- _Problem details_
Reproduce the records below exactly, but only between the lines holding "HP PRINTER, PAPER" and "Was bei den", inclusive.

- _Dataset excerpts_

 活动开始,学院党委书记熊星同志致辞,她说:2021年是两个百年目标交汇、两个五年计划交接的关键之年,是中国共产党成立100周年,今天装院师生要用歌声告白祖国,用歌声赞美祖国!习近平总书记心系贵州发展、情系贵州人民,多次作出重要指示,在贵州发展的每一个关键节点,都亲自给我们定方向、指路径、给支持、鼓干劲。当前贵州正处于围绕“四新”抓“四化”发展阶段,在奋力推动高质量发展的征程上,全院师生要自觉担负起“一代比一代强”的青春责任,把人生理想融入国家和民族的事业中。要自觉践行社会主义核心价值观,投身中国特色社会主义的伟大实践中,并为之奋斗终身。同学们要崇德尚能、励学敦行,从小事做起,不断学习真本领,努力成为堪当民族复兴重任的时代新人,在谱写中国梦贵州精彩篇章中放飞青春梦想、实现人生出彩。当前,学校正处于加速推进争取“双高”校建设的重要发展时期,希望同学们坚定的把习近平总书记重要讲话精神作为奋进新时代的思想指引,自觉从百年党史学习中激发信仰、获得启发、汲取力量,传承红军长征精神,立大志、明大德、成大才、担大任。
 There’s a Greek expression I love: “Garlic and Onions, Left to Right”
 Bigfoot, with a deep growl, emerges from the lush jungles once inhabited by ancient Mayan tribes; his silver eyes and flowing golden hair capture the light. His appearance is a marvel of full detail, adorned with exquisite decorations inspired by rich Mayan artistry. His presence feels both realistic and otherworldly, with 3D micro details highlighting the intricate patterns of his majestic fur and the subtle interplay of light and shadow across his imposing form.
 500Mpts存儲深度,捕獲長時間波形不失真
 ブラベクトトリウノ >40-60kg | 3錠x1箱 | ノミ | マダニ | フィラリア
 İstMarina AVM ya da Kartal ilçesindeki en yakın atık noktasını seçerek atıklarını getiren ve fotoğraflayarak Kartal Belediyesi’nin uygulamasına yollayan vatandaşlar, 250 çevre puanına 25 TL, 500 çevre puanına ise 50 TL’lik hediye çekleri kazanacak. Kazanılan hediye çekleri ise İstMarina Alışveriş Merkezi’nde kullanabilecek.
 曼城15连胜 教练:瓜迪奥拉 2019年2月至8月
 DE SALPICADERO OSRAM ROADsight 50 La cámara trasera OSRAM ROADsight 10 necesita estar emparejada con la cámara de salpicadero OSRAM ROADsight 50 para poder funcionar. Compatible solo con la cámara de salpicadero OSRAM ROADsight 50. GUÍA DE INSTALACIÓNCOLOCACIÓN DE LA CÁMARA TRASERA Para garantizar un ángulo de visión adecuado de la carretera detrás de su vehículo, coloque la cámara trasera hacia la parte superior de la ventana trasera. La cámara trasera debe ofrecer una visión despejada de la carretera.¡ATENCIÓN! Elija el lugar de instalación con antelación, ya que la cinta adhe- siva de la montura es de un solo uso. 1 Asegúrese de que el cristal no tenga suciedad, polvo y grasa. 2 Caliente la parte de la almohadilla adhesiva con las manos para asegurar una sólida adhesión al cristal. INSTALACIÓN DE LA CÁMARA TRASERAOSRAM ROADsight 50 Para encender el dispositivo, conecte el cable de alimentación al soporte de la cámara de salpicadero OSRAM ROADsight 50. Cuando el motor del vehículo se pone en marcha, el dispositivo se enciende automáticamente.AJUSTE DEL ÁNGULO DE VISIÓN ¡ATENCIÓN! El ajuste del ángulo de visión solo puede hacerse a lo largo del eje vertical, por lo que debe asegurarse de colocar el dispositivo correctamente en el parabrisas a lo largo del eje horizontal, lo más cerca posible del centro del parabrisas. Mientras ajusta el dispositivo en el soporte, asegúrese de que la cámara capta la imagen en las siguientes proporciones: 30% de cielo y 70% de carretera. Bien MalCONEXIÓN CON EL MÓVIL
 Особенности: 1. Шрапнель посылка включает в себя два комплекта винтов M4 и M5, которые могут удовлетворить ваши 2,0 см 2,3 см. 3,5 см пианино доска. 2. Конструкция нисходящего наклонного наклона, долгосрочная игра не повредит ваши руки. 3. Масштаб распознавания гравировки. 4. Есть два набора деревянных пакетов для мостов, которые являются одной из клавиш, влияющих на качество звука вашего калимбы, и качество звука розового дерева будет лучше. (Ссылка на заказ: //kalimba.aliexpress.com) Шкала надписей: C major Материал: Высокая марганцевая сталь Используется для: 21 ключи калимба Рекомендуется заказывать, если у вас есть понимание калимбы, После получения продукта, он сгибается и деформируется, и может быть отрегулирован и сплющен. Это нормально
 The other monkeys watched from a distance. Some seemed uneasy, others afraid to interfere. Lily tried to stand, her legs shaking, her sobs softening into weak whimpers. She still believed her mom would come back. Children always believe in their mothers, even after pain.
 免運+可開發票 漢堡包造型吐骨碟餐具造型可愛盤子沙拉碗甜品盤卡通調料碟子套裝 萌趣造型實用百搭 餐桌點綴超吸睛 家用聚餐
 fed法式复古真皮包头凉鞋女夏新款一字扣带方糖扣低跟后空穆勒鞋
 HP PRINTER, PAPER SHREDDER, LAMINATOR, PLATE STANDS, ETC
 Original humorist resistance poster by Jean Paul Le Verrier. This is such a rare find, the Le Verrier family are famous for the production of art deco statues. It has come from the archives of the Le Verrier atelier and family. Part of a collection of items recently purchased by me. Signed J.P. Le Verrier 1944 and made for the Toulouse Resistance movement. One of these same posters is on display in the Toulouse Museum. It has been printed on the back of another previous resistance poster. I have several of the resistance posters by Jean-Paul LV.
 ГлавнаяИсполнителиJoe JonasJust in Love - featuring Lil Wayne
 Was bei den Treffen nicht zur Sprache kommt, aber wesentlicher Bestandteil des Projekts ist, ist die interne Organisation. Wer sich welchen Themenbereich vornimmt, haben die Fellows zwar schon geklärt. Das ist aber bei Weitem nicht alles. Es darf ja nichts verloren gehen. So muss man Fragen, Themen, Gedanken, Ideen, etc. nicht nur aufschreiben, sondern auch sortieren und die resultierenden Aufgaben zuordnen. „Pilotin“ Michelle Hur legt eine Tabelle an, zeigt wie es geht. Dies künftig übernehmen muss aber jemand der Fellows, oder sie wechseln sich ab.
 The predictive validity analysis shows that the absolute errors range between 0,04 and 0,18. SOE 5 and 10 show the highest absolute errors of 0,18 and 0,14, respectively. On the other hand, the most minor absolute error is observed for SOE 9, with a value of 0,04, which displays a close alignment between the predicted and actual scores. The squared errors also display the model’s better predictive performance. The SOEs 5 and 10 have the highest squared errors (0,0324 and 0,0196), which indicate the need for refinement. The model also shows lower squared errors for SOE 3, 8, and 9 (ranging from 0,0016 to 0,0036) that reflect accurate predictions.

- _Written answer_
 HP PRINTER, PAPER SHREDDER, LAMINATOR, PLATE STANDS, ETC
 Original humorist resistance poster by Jean Paul Le Verrier. This is such a rare find, the Le Verrier family are famous for the production of art deco statues. It has come from the archives of the Le Verrier atelier and family. Part of a collection of items recently purchased by me. Signed J.P. Le Verrier 1944 and made for the Toulouse Resistance movement. One of these same posters is on display in the Toulouse Museum. It has been printed on the back of another previous resistance poster. I have several of the resistance posters by Jean-Paul LV.
 ГлавнаяИсполнителиJoe JonasJust in Love - featuring Lil Wayne
 Was bei den Treffen nicht zur Sprache kommt, aber wesentlicher Bestandteil des Projekts ist, ist die interne Organisation. Wer sich welchen Themenbereich vornimmt, haben die Fellows zwar schon geklärt. Das ist aber bei Weitem nicht alles. Es darf ja nichts verloren gehen. So muss man Fragen, Themen, Gedanken, Ideen, etc. nicht nur aufschreiben, sondern auch sortieren und die resultierenden Aufgaben zuordnen. „Pilotin“ Michelle Hur legt eine Tabelle an, zeigt wie es geht. Dies künftig übernehmen muss aber jemand der Fellows, oder sie wechseln sich ab.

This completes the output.